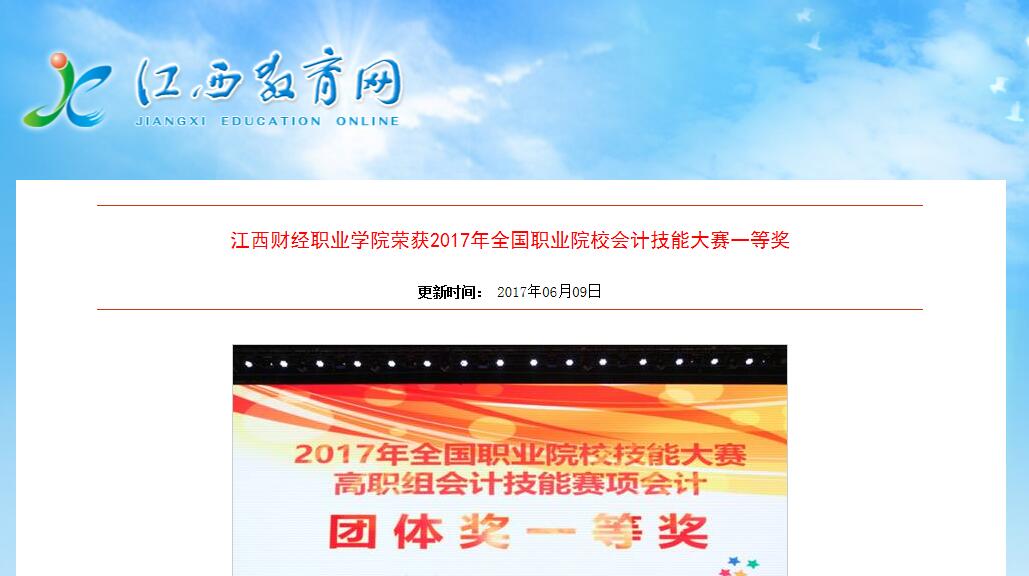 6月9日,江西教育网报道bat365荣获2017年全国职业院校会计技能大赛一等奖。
--
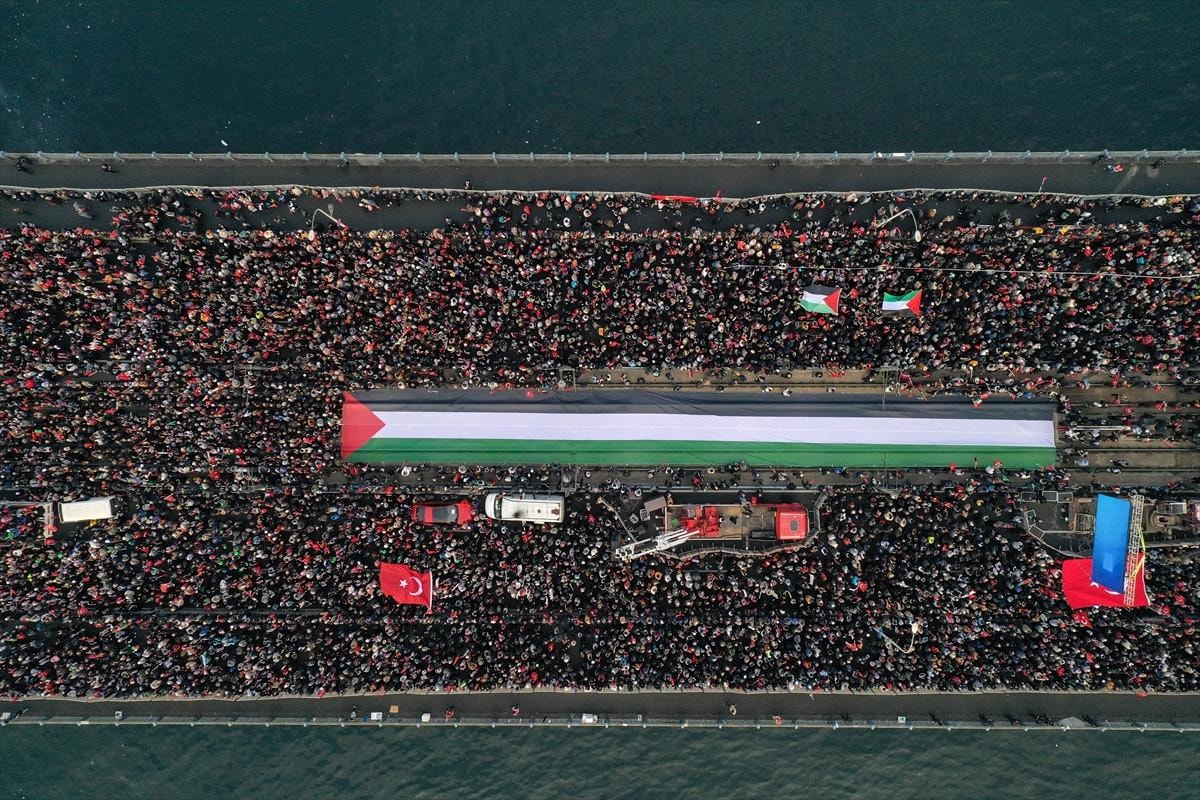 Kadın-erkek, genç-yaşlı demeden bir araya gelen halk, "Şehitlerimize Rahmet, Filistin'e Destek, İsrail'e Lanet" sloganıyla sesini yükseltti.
...
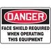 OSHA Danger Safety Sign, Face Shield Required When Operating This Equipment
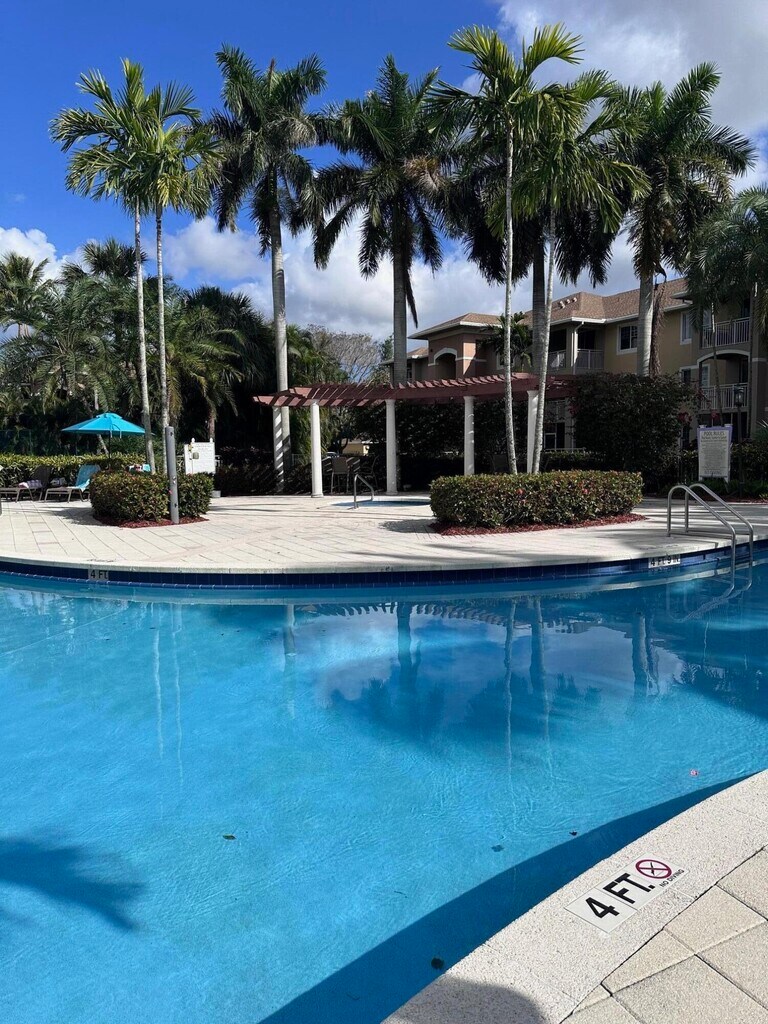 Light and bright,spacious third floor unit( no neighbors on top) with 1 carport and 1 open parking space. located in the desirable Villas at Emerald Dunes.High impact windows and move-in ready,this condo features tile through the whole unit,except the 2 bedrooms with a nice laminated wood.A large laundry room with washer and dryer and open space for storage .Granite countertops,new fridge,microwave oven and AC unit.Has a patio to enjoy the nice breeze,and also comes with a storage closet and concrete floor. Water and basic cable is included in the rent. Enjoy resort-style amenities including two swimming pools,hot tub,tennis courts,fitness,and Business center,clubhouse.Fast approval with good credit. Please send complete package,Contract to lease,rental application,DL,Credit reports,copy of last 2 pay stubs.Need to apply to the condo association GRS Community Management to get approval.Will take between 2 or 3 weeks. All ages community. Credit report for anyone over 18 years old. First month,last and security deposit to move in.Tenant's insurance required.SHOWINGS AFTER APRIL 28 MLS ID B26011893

§ ASSIGNED TASK: Nothing outside the stretch above, from the line with "OSHA Danger Safety" through the line with "Light and bright,spacious", is set down. Transcribe that stretch exactly, ends included, but not its pictures.

§ ANSWER AREA:
 OSHA Danger Safety Sign, Face Shield Required When Operating This Equipment
 Light and bright,spacious third floor unit( no neighbors on top) with 1 carport and 1 open parking space. located in the desirable Villas at Emerald Dunes.High impact windows and move-in ready,this condo features tile through the whole unit,except the 2 bedrooms with a nice laminated wood.A large laundry room with washer and dryer and open space for storage .Granite countertops,new fridge,microwave oven and AC unit.Has a patio to enjoy the nice breeze,and also comes with a storage closet and concrete floor. Water and basic cable is included in the rent. Enjoy resort-style amenities including two swimming pools,hot tub,tennis courts,fitness,and Business center,clubhouse.Fast approval with good credit. Please send complete package,Contract to lease,rental application,DL,Credit reports,copy of last 2 pay stubs.Need to apply to the condo association GRS Community Management to get approval.Will take between 2 or 3 weeks. All ages community. Credit report for anyone over 18 years old. First month,last and security deposit to move in.Tenant's insurance required.SHOWINGS AFTER APRIL 28 MLS ID B26011893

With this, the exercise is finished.